Example: Almost redundant

In collecting the Current Population Survey wage data, interviewers asked people their age and the number of years of education they had. From this, they computed the number of years of experience. They presumed that kids spend six years before starting school. So a 40-year old with 12 years of education would have 22 years of experience: 6 + 12 + 22 = 40. This creates redundancy of experience with age and education. Ordinarily, the computer could identify such a situation. However, there is a mistake in the CPS data. Case 350 is an 18-year old woman with 16 years of education. This seems hard to believe since very few people start their education at age 2. Presumably, either the age or education were mis-recorded. But either way, this small mistake in one case means that the redundancy among experience, age, and education is not exact. It also means that standard software doesn’t spot the problem when all three of these variables are included in a model. As a result, coefficients on these variables are highly unreliable.

With such multi-collinearity, as opposed to exact redundancy, there is a unique least-squares fit of the model to the data. However, this uniqueness is hardly a blessing. What breaks the tie to produce a unique best fitting set of coefficients are the small deviations from exact redundancy. These are often just a matter of random noise, arithmetic round-off, or mistakes as with case 350 in the Current Population Survey data. As a result, the choice of the winning set of coefficients is to some extent arbitrary and potentially misleading.

The costs of multi-collinearity can be measured when fitting a model. (See Section 12.6.) When the costs of multi-collinearity are too high, the modeler often chooses to take terms out of the model.

Aside: Redundancy – (Almost) Anything Goes

Even with the duplicate information in year and age, there is no mathematical reason why the computer could not have given coefficients for all four model terms in the model price ~ mileage + year + age.
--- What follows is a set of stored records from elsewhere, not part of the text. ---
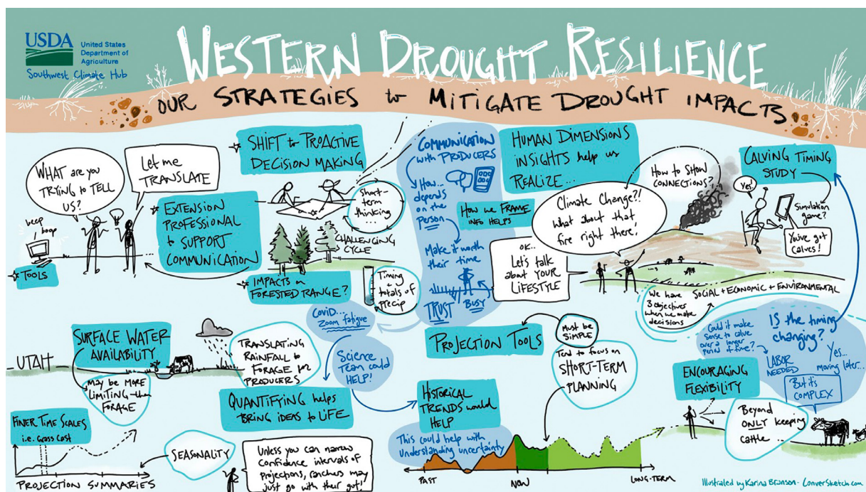
Figure 3. Group discussion captured by graphic illustrator present at the workshop (Karina Branson, ConverSketch).

ature. We walked through the methods for this step, which included examining an inclusive suite of different climate projections, 20-22 as well as quantifying the degree and duration (i.e., exposure) of past and future drought. 23-25 We then presented our results by region to highlight the diversity in drought manifestation. We explained that while temperature is likely to increase across all regions, precipitation and soil moisture display more variability. For instance, we described the northern mixed prairies and cold deserts of the western United States (Fig. 2) will experience an increase in winter and spring soil moisture, although relatively unchanged summer and fall soil moisture. In California's annual rangeland region, we suggested more frequent extreme drought during the winter, but slightly wetter average spring and summer conditions. We explained that spring soil moisture is likely to decline in the hot deserts region, but differ in projections for soil moisture change for other seasons in both the hot deserts and shortgrass steppe.
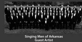
Singing Men of Arkansas Guest Artist
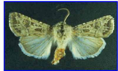
Figure 3. Adult pale western cutworm.

Pale Western Cutworm: The pale western cutworm is primarily a problem in winter wheat. However, it can cause problems on several other crops, including sugarbeets, corn, alfalfa and other small grains. Its host range is very broad, even including many weed species. It is a subterranean cutworm in that it primarily feeds below the soil surface. The depth at which it feeds is regulated by the moisture line in the soil. These cutworms avoid moisture and stay just above this moisture line. Under wet conditions the cutworms will actually come to the surface and feed on the above-ground part of plants. This activity increases the rate of predation by birds and other insects, and parasitization. Increased moisture at the surface also increases disease incidence in the population.
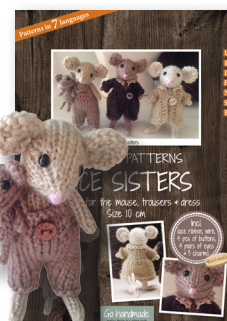
MICE SISTERS 20045

All babies should have a teddy as best friend
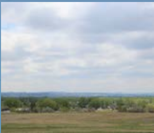
Sidney Soaring Spring
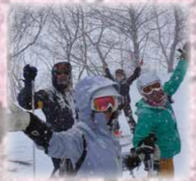
Skiing Freshies in Hakuba
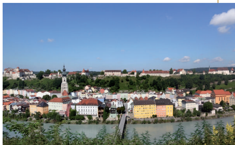
View from Ach over the Salzach River.

position should be a piece for organ solo relating to the theme of Silent Night by Franz Xaver Gruber and Joseph Mohr with a maximum duration of 10 minutes. It should be equally suitable for concert and liturgical practice but in free form.
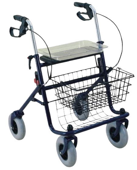
➤ BT851: Four-wheel steel rollator
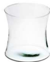
W-327 height: 160 top: 155 bottom: 155 q/p:
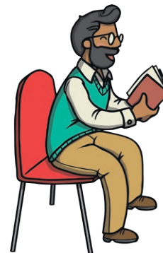
table snow door cloud plane friend book teacher banana chimney

For example, any of the following sets of coefficients would give exactly the same model values for any inputs of year and mileage, with age being appropriately calculated from year.

Term	Set 1	Set 2	Set 3	Set 4
Intercept	15850.000	−185050.000	−734511.500	−1136311.500
`mileage`	−0.069	−0.069	−0.069	0.069
`year`	0.000	100.000	373.500	573.500
`age`	−573.500	−473.500	−200.000	0.000

The overall pattern is that the coefficient on age minus the coefficient on year has to be −573.5. This works because age and year are basically the same thing since age = 2009 − year.